From the first line to the last, write out the records exactly, leaving out images.

• Data supplied:
--------
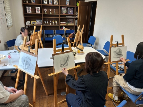 形に沿った縦横の線を引いて立体感を引き立てながら、光の方向を意識して大まかに濃淡を付けていきましょう。
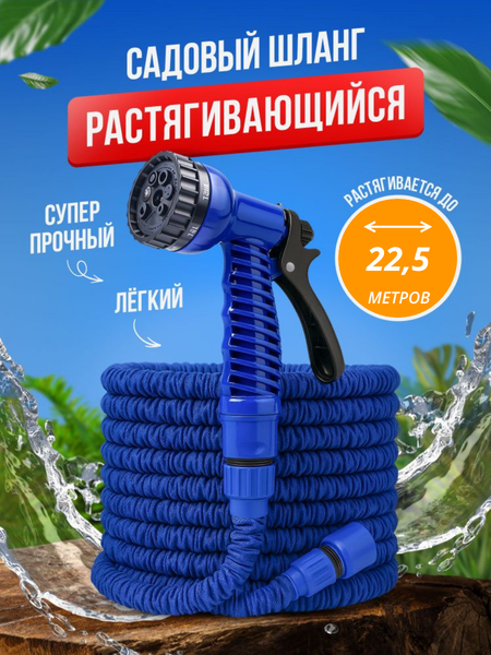 Шланг поливочный растягивающийся до 22 метров, синий, для полива, садовый с фитингами и распылителем
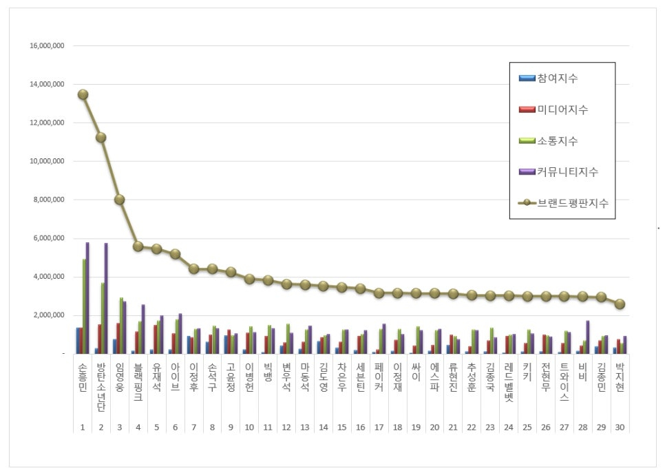 2025년 5월 스타 브랜드평판 30위 순위는 손흥민, 방탄소년단, 임영웅, 블랙핑크, 유재석, 아이브, 이정후, 손석구, 고윤정, 이병헌, 빅뱅, 변우석, 마동석, 김도영, 차은우, 세븐틴, 페이커, 이정재, 싸이, 에스파, 류현진, 추성훈, 김종국, 레드벨벳, 키키, 전현무, 트와이스, 비비, 김종민, 박지현 순으로 분석됐다.
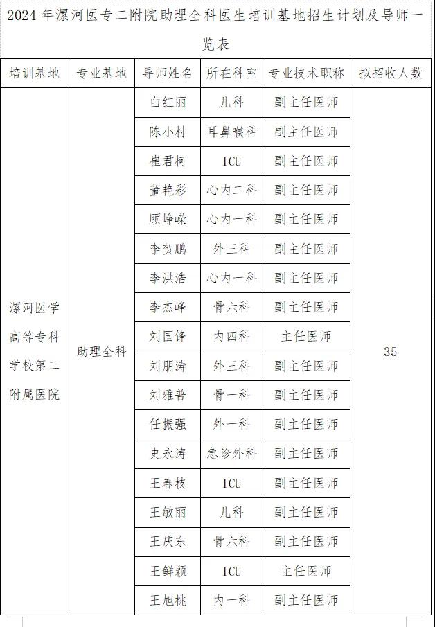 為深入貫徹落實(shí)《關(guān)于印發(fā)助理全科醫(yī)生培訓(xùn)實(shí)施意見(jiàn)(試行)的通知》(國(guó)衛(wèi)科教發(fā)〔2016〕14 號(hào)),根據(jù)《河南省衛(wèi)生健康委關(guān)于做好2024年助理全科醫(yī)生培訓(xùn)招收工作的通知》(豫衛(wèi)科教函〔2024〕19號(hào))要求,結(jié)合本院實(shí)際,現(xiàn)制定漯河醫(yī)學(xué)高等專(zhuān)科學(xué)校第二附屬醫(yī)院2024年助理全科醫(yī)生培訓(xùn)招收方案如下:
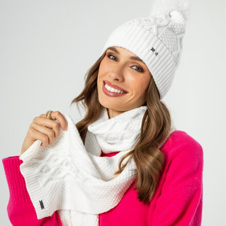- Estetyczne detale: Delikatne perełki to efektowny akcent, który dodaje kobiecości i elegancji. Miękki i puszysty pompon dodaje czapce lekkości i uroku, podkreślając zimowy charakter zestawu.
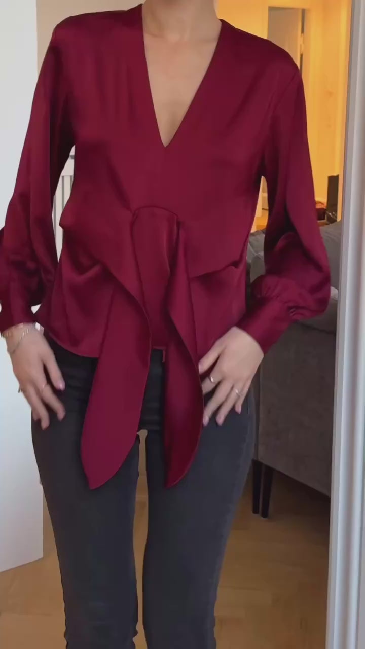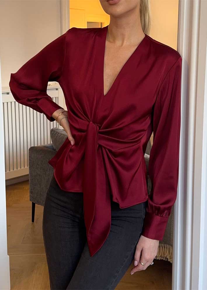 Blusen har lange ærmer med manchetter, v-udskæring og en klædelig bindeeffekt, så den sidder helt perfekt.
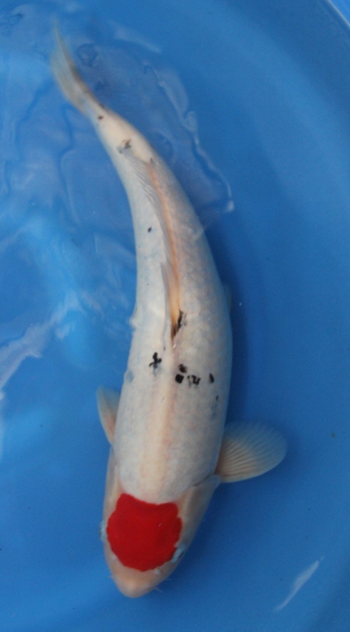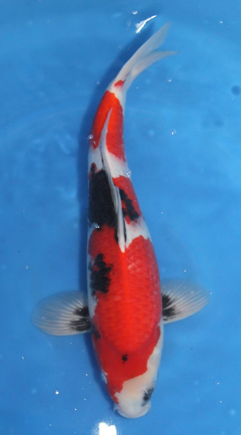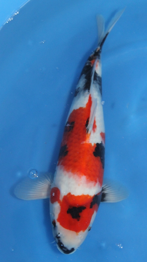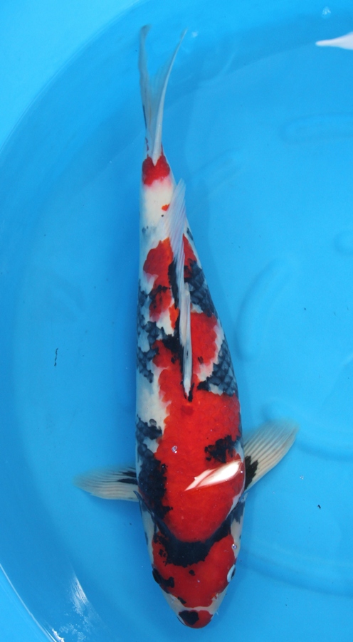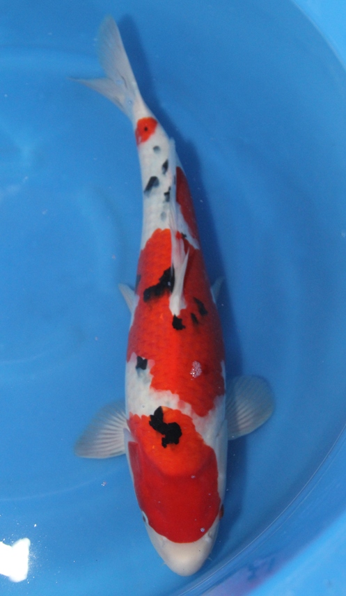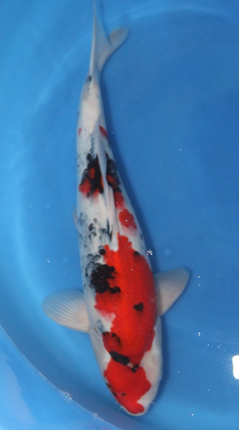 Infine seleziono una tancho sanke con un elevato potenziale di sviluppo. Questa koi è già bilanciata e ha molte zone dove il nero dovrebbe uscire a breve. La potenzialità è veramente molto alta e il KH più alto che troverà in Italia accelererà il suo sviluppo.
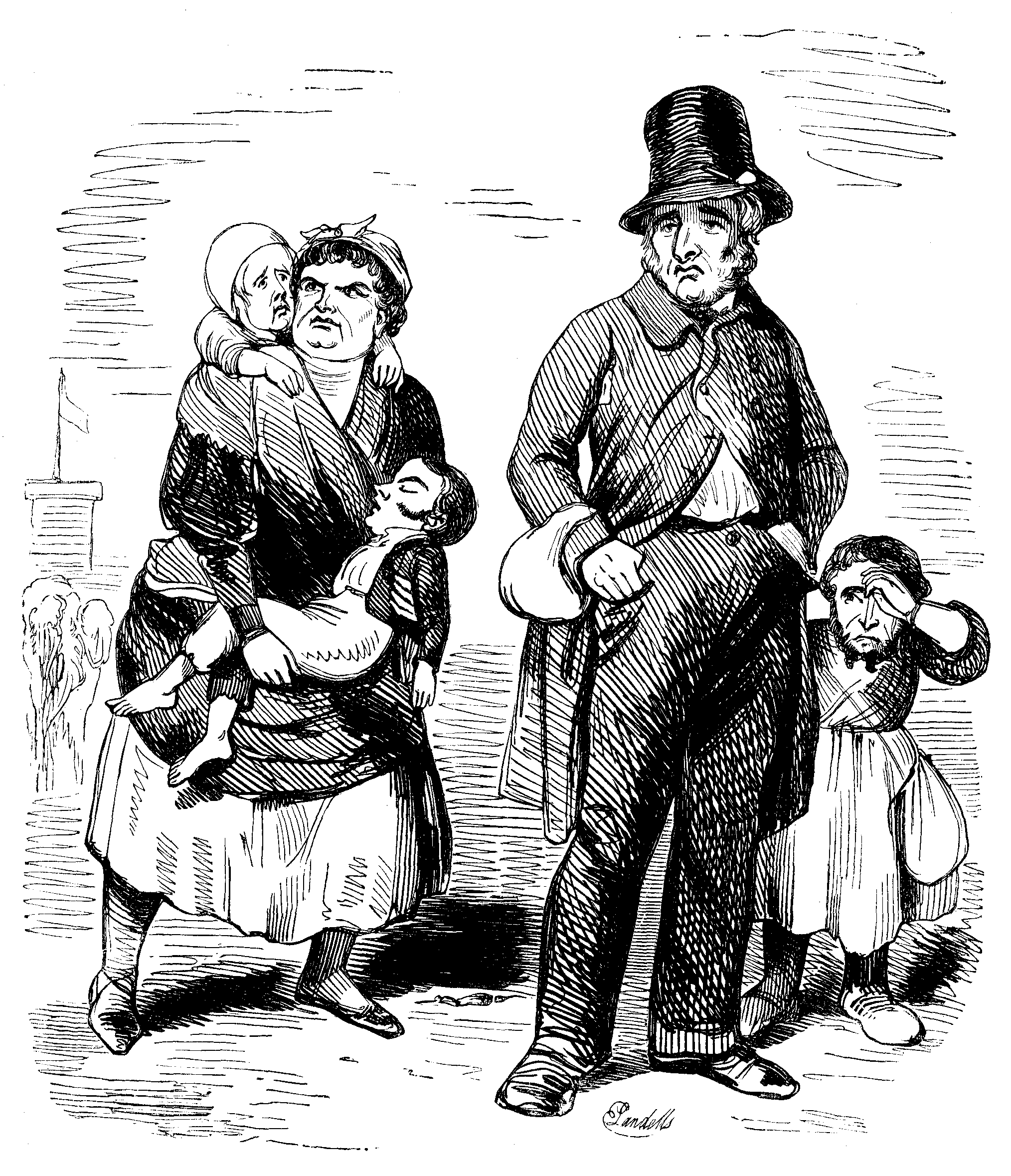 It will be seen, by a glance at the above table, that the three great divisions of society, namely, High Life, Low Life, and Middle Life, are subdivided, or more properly, sub-classed, into the Superior, Transition, and Metamorphic classes. Lower still than these in the social scale is the Primitive Formation—which may be described as the basis and support of all the other classes. The individuals comprising it may be distinguished by their ragged surface, and shocking bad hats; they effervesce strongly with gin or Irish whiskey. This class comprehends the St. Giles’s Group—(which is the lowest of all the others, and is found only in the great London basin)—and that portion of the Whitechapel group whose individuals wear Bluchers and ride in pleasure ‘wans’ to Richmond on Sundays. In man’s economy the St. Giles’s Group are exceedingly important, being usually employed in the erection of buildings, where their great durability and hod-bearing qualities are conspicuous. Next in order is the Metamorphic class—so called, because of the singular metamorphoses that once a week takes place amongst its individuals; their common every-day appearance, which approaches nearly to that of the St. Giles’s Group, being changed, on Sundays, to a variegated-coloured surface, with bright buttons and a shining “four-and-nine”—goss. This class includes the upper portion of the Whitechapel Group, and the two lower strata of the Clapham Group. The Whitechapel Group is the most elevated layer of the inferior series. The Shabby Genteel stratum occupies a wide extent on the Surrey side of the water—it is part of the Clapham Group, and is found in large quantities in the neighbourhood of Kennington, Vauxhall, and the Old Kent-road. A large vein of it is also to be met with at Mile-end and Chelsea. It is the lowest of the secondary formation. This stratum is characterised by its fossil remains—a great variety of miscellaneous articles—such as watches, rings, and silk waistcoats and snuff-boxes being found firmly imbedded in what are technically termed avuncular depositories. The deposition of these matters has been referred by the curious to various causes; the most general supposition being, a peremptory demand for rent, or the like, on some particular occasion, when they were carried either by the owner, his wife, or daughter, from their original to their present position, and left amongst an accumulation of “popped” articles from various districts. The chief evidence on this point is not derived from the fossils themselves, but from their duplicates, which afford the most satisfactory proof of the period at which they were deposited. Articles which appear originally to have belonged to the neighbourhood of Belgrave-square have been frequently found in the depositories of the district between Bethnal-green and Spitalfields. By what social deluge they could have been conveyed to such a distance, is a question that has long puzzled the ablest geologists. Immediately above the “shabby genteel” stratum are found the people who “keep a shop concern, but no shay;” it is the uppermost layer of the Metamorphic Class, and, in some instances, may be detected mingling with the supra-genteel Clapham Group. The “shop and no shay” stratum forms a considerable portion of the London basin. It is characterised by its coarseness of texture, and a conglomeration of the parts of speech. Its animal remains usually consist of retired licensed victuallers and obese tallow-chandlers, who are generally found in beds of soft formation, separated from superincumbent layers of Marseilles quilts, by interposing strata of thick double Witneys.
--------
• Answer to this problem:
 形に沿った縦横の線を引いて立体感を引き立てながら、光の方向を意識して大まかに濃淡を付けていきましょう。
 Шланг поливочный растягивающийся до 22 метров, синий, для полива, садовый с фитингами и распылителем
 2025년 5월 스타 브랜드평판 30위 순위는 손흥민, 방탄소년단, 임영웅, 블랙핑크, 유재석, 아이브, 이정후, 손석구, 고윤정, 이병헌, 빅뱅, 변우석, 마동석, 김도영, 차은우, 세븐틴, 페이커, 이정재, 싸이, 에스파, 류현진, 추성훈, 김종국, 레드벨벳, 키키, 전현무, 트와이스, 비비, 김종민, 박지현 순으로 분석됐다.
 為深入貫徹落實(shí)《關(guān)于印發(fā)助理全科醫(yī)生培訓(xùn)實(shí)施意見(jiàn)(試行)的通知》(國(guó)衛(wèi)科教發(fā)〔2016〕14 號(hào)),根據(jù)《河南省衛(wèi)生健康委關(guān)于做好2024年助理全科醫(yī)生培訓(xùn)招收工作的通知》(豫衛(wèi)科教函〔2024〕19號(hào))要求,結(jié)合本院實(shí)際,現(xiàn)制定漯河醫(yī)學(xué)高等專(zhuān)科學(xué)校第二附屬醫(yī)院2024年助理全科醫(yī)生培訓(xùn)招收方案如下:
- Estetyczne detale: Delikatne perełki to efektowny akcent, który dodaje kobiecości i elegancji. Miękki i puszysty pompon dodaje czapce lekkości i uroku, podkreślając zimowy charakter zestawu.
 Blusen har lange ærmer med manchetter, v-udskæring og en klædelig bindeeffekt, så den sidder helt perfekt.
 Infine seleziono una tancho sanke con un elevato potenziale di sviluppo. Questa koi è già bilanciata e ha molte zone dove il nero dovrebbe uscire a breve. La potenzialità è veramente molto alta e il KH più alto che troverà in Italia accelererà il suo sviluppo.
 It will be seen, by a glance at the above table, that the three great divisions of society, namely, High Life, Low Life, and Middle Life, are subdivided, or more properly, sub-classed, into the Superior, Transition, and Metamorphic classes. Lower still than these in the social scale is the Primitive Formation—which may be described as the basis and support of all the other classes. The individuals comprising it may be distinguished by their ragged surface, and shocking bad hats; they effervesce strongly with gin or Irish whiskey. This class comprehends the St. Giles’s Group—(which is the lowest of all the others, and is found only in the great London basin)—and that portion of the Whitechapel group whose individuals wear Bluchers and ride in pleasure ‘wans’ to Richmond on Sundays. In man’s economy the St. Giles’s Group are exceedingly important, being usually employed in the erection of buildings, where their great durability and hod-bearing qualities are conspicuous. Next in order is the Metamorphic class—so called, because of the singular metamorphoses that once a week takes place amongst its individuals; their common every-day appearance, which approaches nearly to that of the St. Giles’s Group, being changed, on Sundays, to a variegated-coloured surface, with bright buttons and a shining “four-and-nine”—goss. This class includes the upper portion of the Whitechapel Group, and the two lower strata of the Clapham Group. The Whitechapel Group is the most elevated layer of the inferior series. The Shabby Genteel stratum occupies a wide extent on the Surrey side of the water—it is part of the Clapham Group, and is found in large quantities in the neighbourhood of Kennington, Vauxhall, and the Old Kent-road. A large vein of it is also to be met with at Mile-end and Chelsea. It is the lowest of the secondary formation. This stratum is characterised by its fossil remains—a great variety of miscellaneous articles—such as watches, rings, and silk waistcoats and snuff-boxes being found firmly imbedded in what are technically termed avuncular depositories. The deposition of these matters has been referred by the curious to various causes; the most general supposition being, a peremptory demand for rent, or the like, on some particular occasion, when they were carried either by the owner, his wife, or daughter, from their original to their present position, and left amongst an accumulation of “popped” articles from various districts. The chief evidence on this point is not derived from the fossils themselves, but from their duplicates, which afford the most satisfactory proof of the period at which they were deposited. Articles which appear originally to have belonged to the neighbourhood of Belgrave-square have been frequently found in the depositories of the district between Bethnal-green and Spitalfields. By what social deluge they could have been conveyed to such a distance, is a question that has long puzzled the ablest geologists. Immediately above the “shabby genteel” stratum are found the people who “keep a shop concern, but no shay;” it is the uppermost layer of the Metamorphic Class, and, in some instances, may be detected mingling with the supra-genteel Clapham Group. The “shop and no shay” stratum forms a considerable portion of the London basin. It is characterised by its coarseness of texture, and a conglomeration of the parts of speech. Its animal remains usually consist of retired licensed victuallers and obese tallow-chandlers, who are generally found in beds of soft formation, separated from superincumbent layers of Marseilles quilts, by interposing strata of thick double Witneys.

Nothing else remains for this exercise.